Off-page brand mentions across the web (Ahrefs: r=0.66–0.74 with AI visibility)
YouTube mentions (r=0.737 — strongest single signal Ahrefs found)
Reddit presence (46.7% of Perplexity citations are Reddit)
Cross-platform brand consistency

This is a known scope gap. Future versions could add brand-level scoring via search APIs; v2 stays URL-focused and is honest about it.

Platform divergence (informational)

The v2 score is an average expected citability across major engines. But:

ChatGPT favors Wikipedia (47.9% of top-10), encyclopedic editorial
Perplexity favors Reddit (46.7%), freshness, per-claim attribution
Google AIO favors UGC + YouTube + multi-modal content, freshness
Gemini favors .gov/.edu/institutional (26%)
Only 11% of domains are cited by both ChatGPT and Perplexity

A perfectly Citebench-optimized URL likely won't be cited equally everywhere. The score targets the on-page features that can matter across all four. Future improvement: per-platform sub-scores.

Confidence and caveats

Ahrefs' 75k-brand study and BuzzStream's 4M-citation analysis are the most defensible empirical anchors.
Wellows' r=0.92 for multi-modal is implausibly high — treat individual r-values as directional, not literal.
Most "studies" are vendor research without disclosed methodology. v2 weights are evidence-informed best guesses, not regression-derived coefficients.
All claims sourced in methodology-research.md.

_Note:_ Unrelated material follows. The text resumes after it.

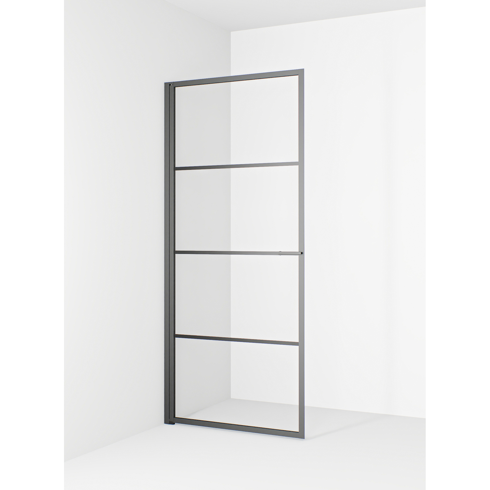 Spröjsen som ramar in och förhöjer den industriella designen sitter på utsidan för enklare rengöring. Duschdörren är av hög kvalitet och enkel att installera.
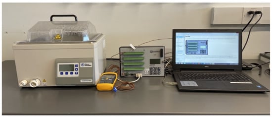Temperature history method (T-history): This method was developed for getting the thermal properties of the PCM for larger sample size. T-history method has been used to analyze/estimate PCM melting point, latent heat of fusion, supercooling, specific heat, and thermal conductivity for bulk materials. Thermal properties obtained from this testing can be compared to the data obtained from DSC to understand the effects of sample volume. In this research we utilized the T history method to record the supercooling degree [34]. Heating and cooling of the PCM samples were done in a water bath in which the water temperature was not held constant. Thermocouples (T type resolution) were used to measure the temperature. The thermocouple was placed in the sample and was connected to a data logger (CR 3000, Campbell Scientific, Logan, UT, USA) which recorded the temperature. Figure 3 shows the T-history test setup showing the water bath, datalogger and the laptop connected to use the PC200 software (version 4.5).

Implementation notes (carry into build phase)

All rules executable with:

HTTP fetch + Cheerio HTML parsing
DOM traversal for structure + paragraph stats
JSON-LD schema parsing
Wordlist matching for fluff bigrams (see fluff-wordlist-seed.md)
robots.txt fetch + parse for crawler block check
Open-source NER (spaCy/transformers.js) for entity density — runs in browser/Edge or via Vercel function
External lookups for Wikipedia/Wikidata entity match (Wikipedia API, free, rate-limited)

Audit completes in <5 sec per URL. Free to run.